To start with my own experiences as a reader: yes, most of the books I have read in my lifetime have been by men, and most of the books I have reveiwed have been by men. Yes, I was surprised by the ending of The Turbulent Term of Tyke Tiler when we read it at school; and no, I didn’t read ‘books for girls’. But then, I didn’t read many ‘books for boys’ either — the closest I got were all the adventure gamebooks I read (the vast majority of which were written by men; and which had, I would surmise, a largely male readership). Mostly, though, I just read books — the gender of the author was genuinely never a concern to me. As an adult, I notice an author’s gender more; and, if I see that I’ve read a few books in a row by male authors, I do often think, perhaps it’s time I read a female author or two. I’m not entirely sure whether that’s a good way of looking at it; I think there’s something to be said for the free-spirited way I read as a child, picking up anything and everything with no regard for any criteria other than that it sounded good.

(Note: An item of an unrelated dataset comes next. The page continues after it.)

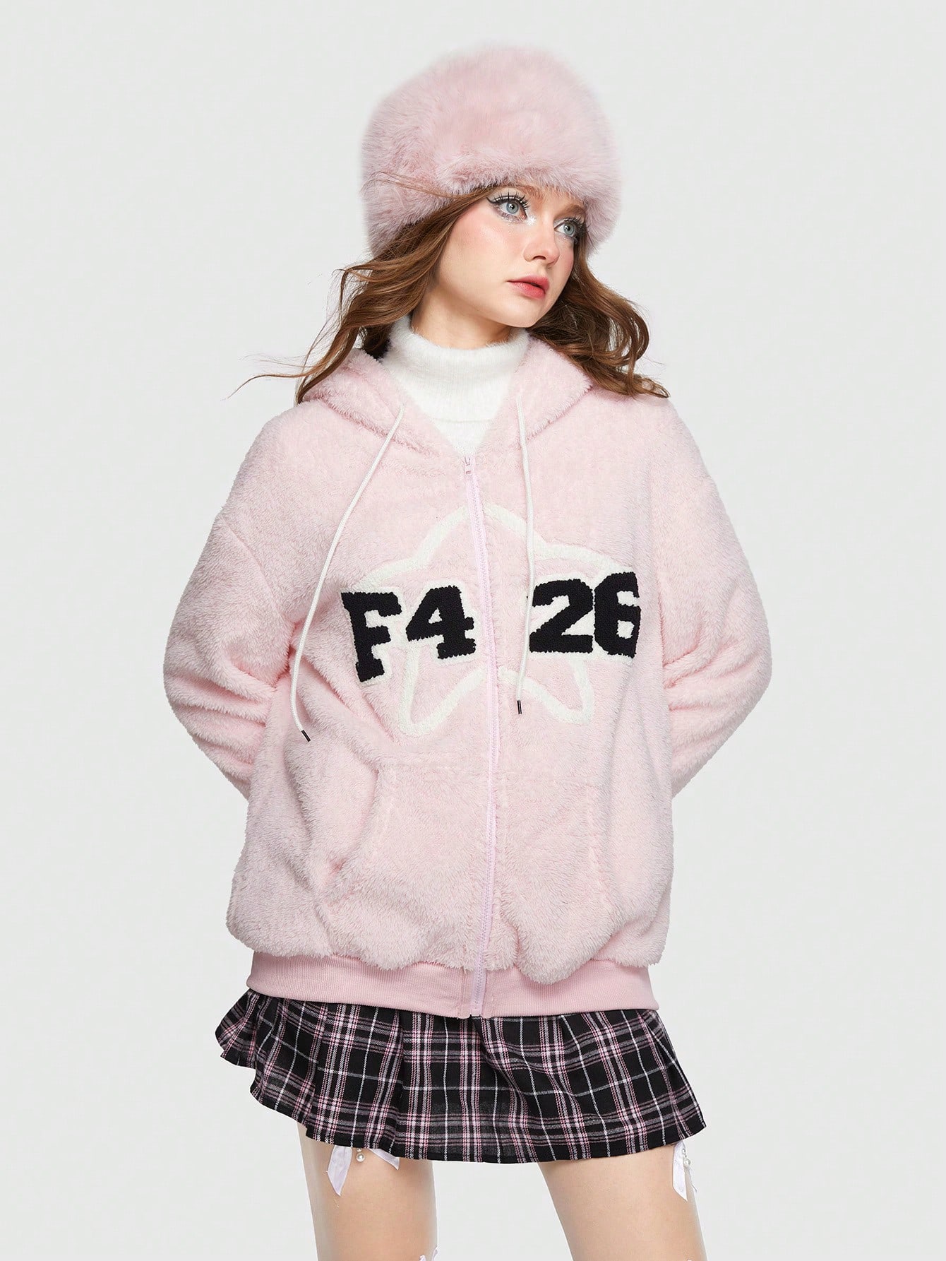 Kawaii Letter Pattern Drop Shoulder Drawstring Hooded Teddy Coat

There has been quite a pause between my writing the last paragraph and this one, as I’ve confronted the fact that I probably do have a real gender bias in my choice of reading matter. It’s quite hypothetical, but it’s there. I would never reject a book on the basis of its author’s gender (gender might affect the order in which I read a group of books, but that’s different); I would reject it on the basis of whether I thought I’d like it. Now, I don’t tend to read books that have been explicitly written for a particular gender, of any sort — chick-lit, lad-lit, whatever, they generally don’t appeal to me (though I’m sure I could find exceptions if I looked); but if I had to choose one (and I’m talking about the really hackneyed, stereotyped stuff here), I’d go for a book written for my own gender. Hopefully there’s enough out there to read that I’ll never have to resort to making such a choice, but there it is.

So, I can understand (as I previously thought I couldn’t) how readers might prefer authors of one gender over another.  But I think the issue is also tied up with other factors. One of the commenters on Juliet’s post, Maura McHugh, says that, in the fantastic genres, we still have some people viewing some kinds of fiction  as more ‘suitable’ for women to write than others (i.e. fantasy rather than hard SF or horror), and cites as an example ‘paranormal romance’ being excluded from definitions of horror. Now, I think she conflates two different issues here. Yes, some people do think that women can’t or shouldn’t write particular kinds of fiction (in my view, all such opinions are wrong). The thing is, though, I wouldn’t classify ‘paranormal romance’ as ‘horror’. But I wouldn’t classify ‘paranormal detections’ (which are often written by men as well as women) as horror, either. And I would exclude these kinds of fiction not because of their authors’ gender, or because I think they’re intrinsically inferior (which, by the way, I don’t); but for the same reason I wouldn’t call Count Duckula horror — because I think (broadly speaking — of course there’s some overlap) they try to do different things and work in different ways.

Finally, to answer Juliet’s question: is publishing sexist? I have nothing to do with the industry, so I can do no more than speculate. I don’t think it is, not conciously anyway; but I do think there is a bias towards male writers — yet the majority of readers are female. Perhaps it is not so much one gender being favoured deliberately over another as the industry seeking to maintain a preconceived pattern of gender. A few years ago, Mark Morris wrote Fiddleback (known as The Lonely Places in the US), a psychological thriller with a female lead. It was published under a gender-neutral name to make it more appealing to women. That doesn’t excuse any biases against female writers, but it does demonstrate that ‘gender expectations’ can work both ways. Perhaps it’s that the publishing industry likes it when one set of books appeals to one gender, and another set of books appeals to another gender, and doesn’t like to rock that particular boat.

Over to you — yes, for once I’m going to explicitly invite comments (which are always welcome in any case). Do you prefer to read authors of one gender over another? What’s your take on the whole issue?